Perhaps just as unsurprisingly, celebrity blogger Perez Hilton has documented Cyrus’s every untamed move in her quest to be taken seriously. In a June 13 Twitter update, Hilton posted a link to a photo of the pop star exiting a car in a less-than-ladylike fashion. Had the all-too-familiar open-skirt photo been of Paris Hilton or Lindsay Lohan it likely wouldn’t have garnered much more than a passing grimace from Hilton’s readers, though there is, of course, one critical difference: Cyrus is still a minor.

Hilton, in an interview last week with the Headline News network’s Joy Behar, has claimed that his choice to publish the photo to his Twitter account is not — as various talking heads have alleged—an act of child pornography chiefly for two reasons: 1) The photo isn’t any worse than her “oversexualized behavior of late,” and 2) The area in question is not, in fact, revealing Cyrus’s genitals.

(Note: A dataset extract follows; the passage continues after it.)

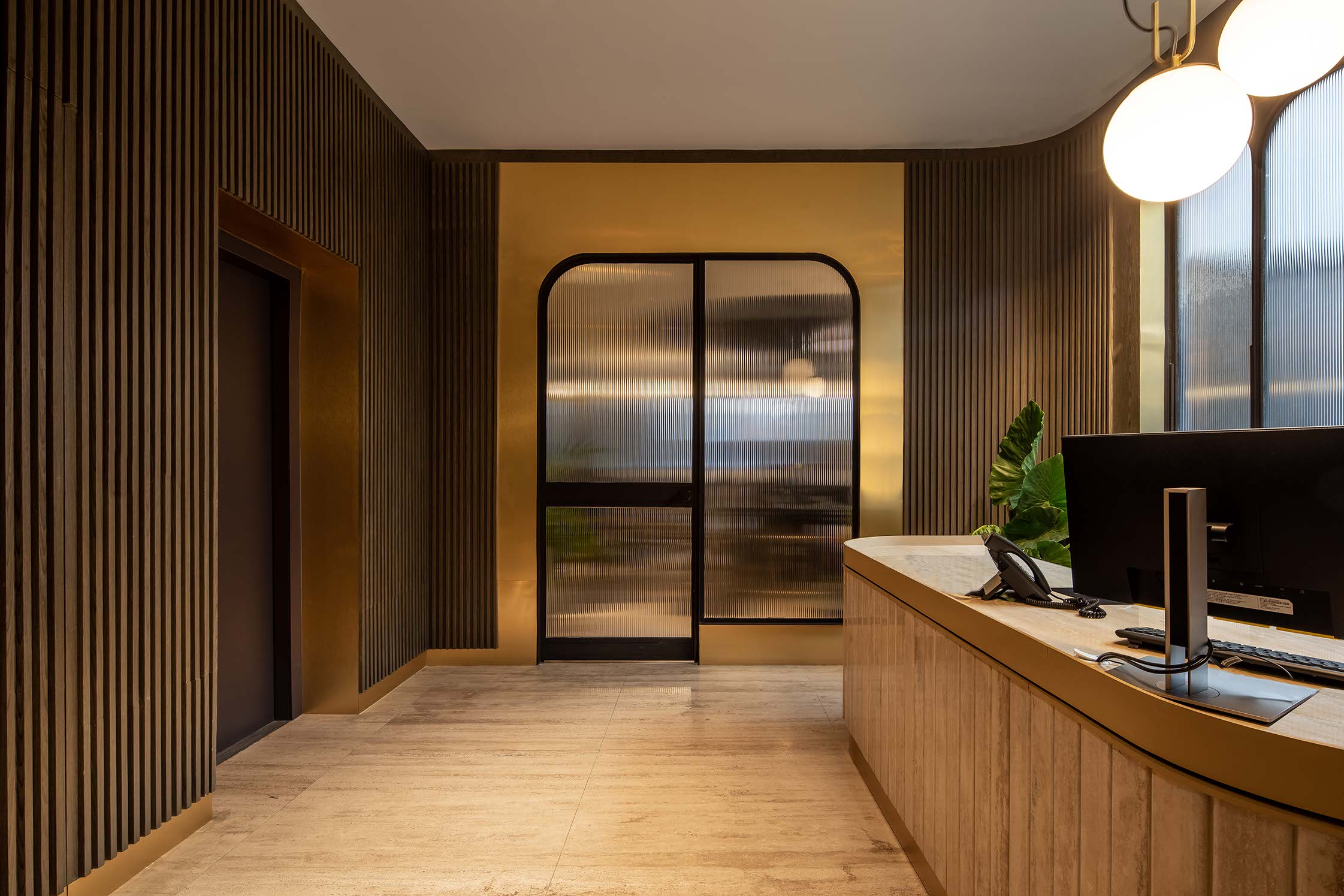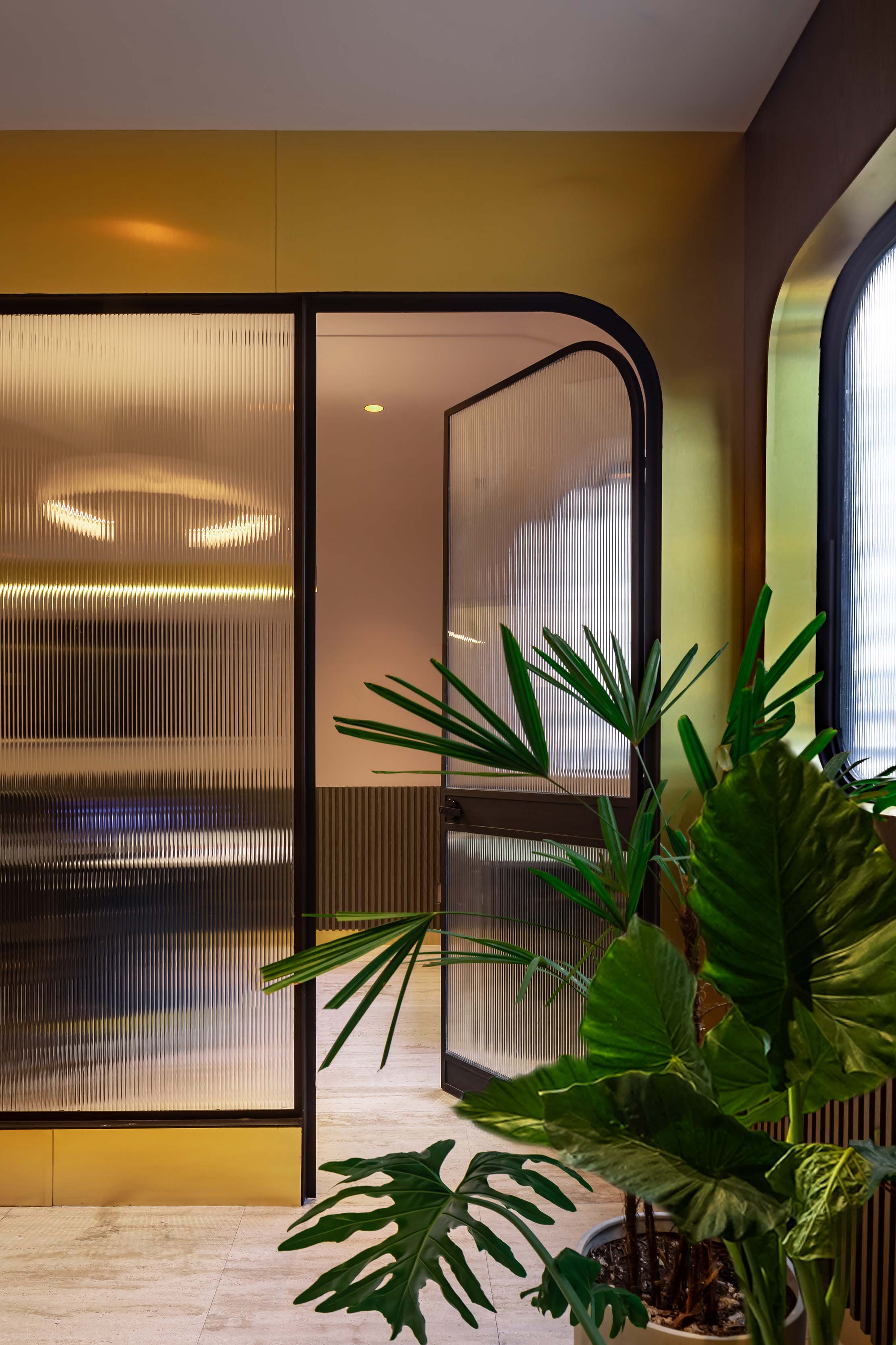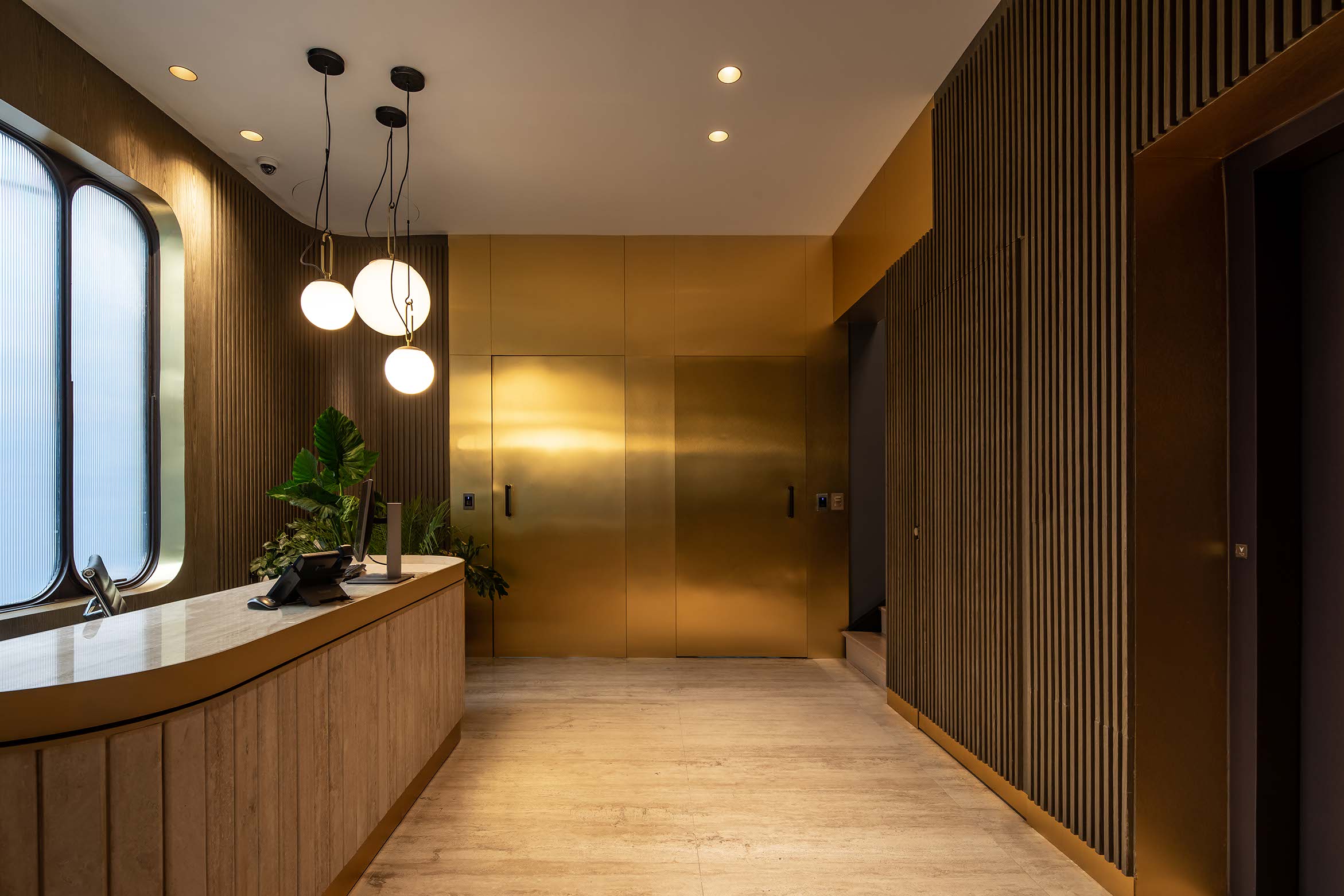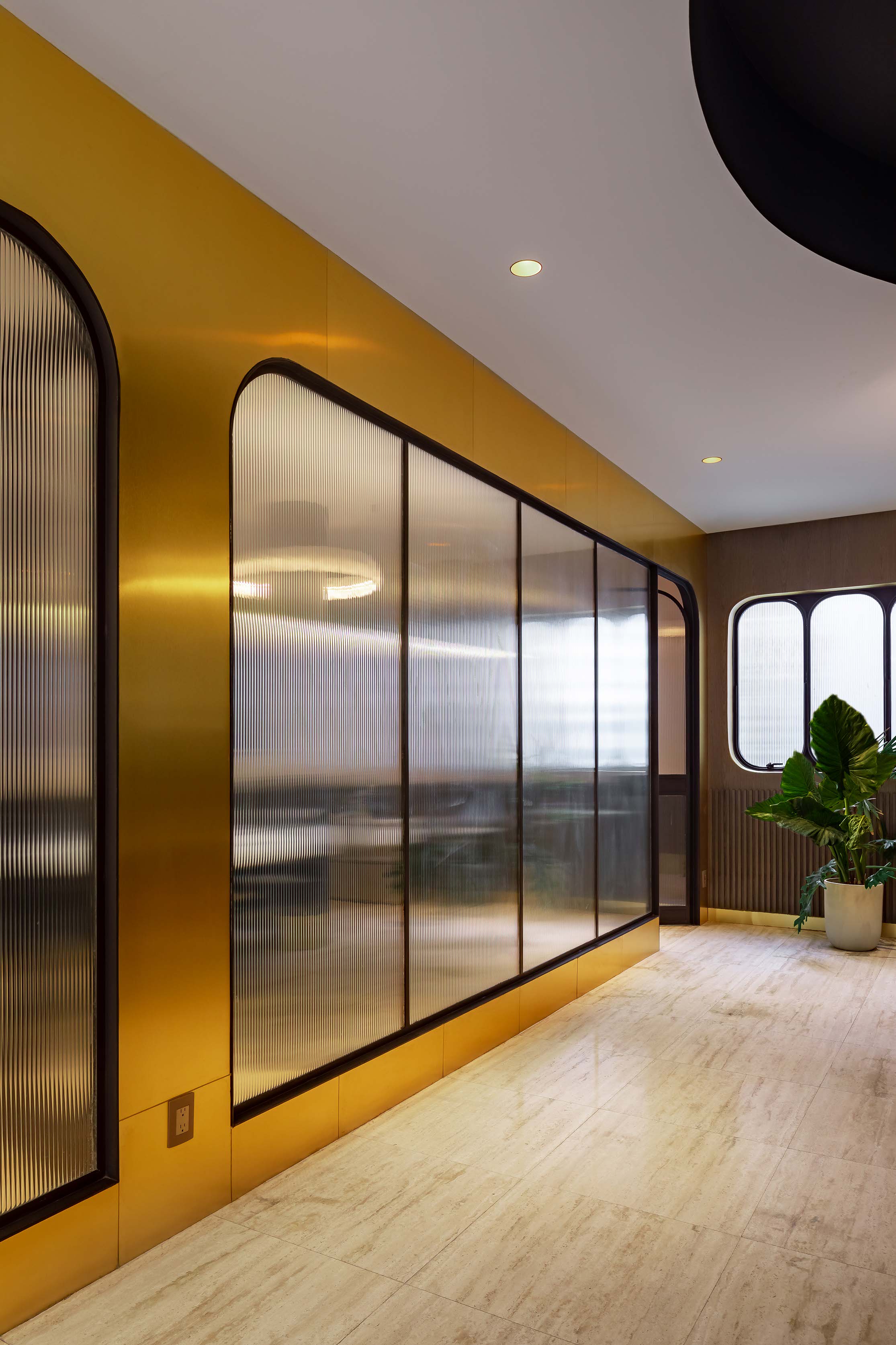 En contraste el plafón está compuesto por una intrincada superficie facetada que se adapta a la cambiante altura del espacio y a los elementos estructurales del edificio, el cual está terminado con un acabado espejo de aluminio anodizado dorado cortado con láser que refleja la vista en planta del local y afila los vértices del volumen creando puntos de interés para los clientes mientras son atendidos en los asientos reclinables.

Yet Hilton’s insistence that the 17-year-old singer was essentially asking for it reveals a disconcerting lack of responsibility to the public. Though Hilton’s brand of celebrity blogging is indeed an exploitative trade by nature, there still exist proprietary boundaries that cannot — even for the sake of garnering a few million Web hits — be reasonably or legally crossed.

In fact, according to Jeffrey Douglas, a Los Angeles County attorney who specializes in child pornography cases, it may not even matter whether Cyrus’s genitals were exposed in the photo Hilton posted; the mere illusion of indecency is technically enough to warrant 15 years in prison for the blogger.

On June 22, Hilton — evidently undaunted by the threat of legal action — Tweeted another revealing photo of the singer. Taken at Cyrus’s performance from this past Sunday’s Canadian Much Music Awards, the snapshot was hosted by Reuters news service. In an interview with Fox News Online, a Reuters representative justified the choice by noting that the photo, though revealing a portion of Cyrus’s pelvis, was taken from a public performance in front of an audience of hundreds, and had no intention of promoting child pornography.

But while constant celebrity overexposure is an inevitable symptom of the internet age, there’s no adequate justification for posting such questionable photos of children online. Hilton may be an easy target in this latest controversy of his, yet in covering underage subjects, even the most infamously ruthless of his kind must own up to at least the slightest shred of journalistic integrity — because despite Cyrus’s brash suggestions to the contrary, a teenage girl still deserves due protection.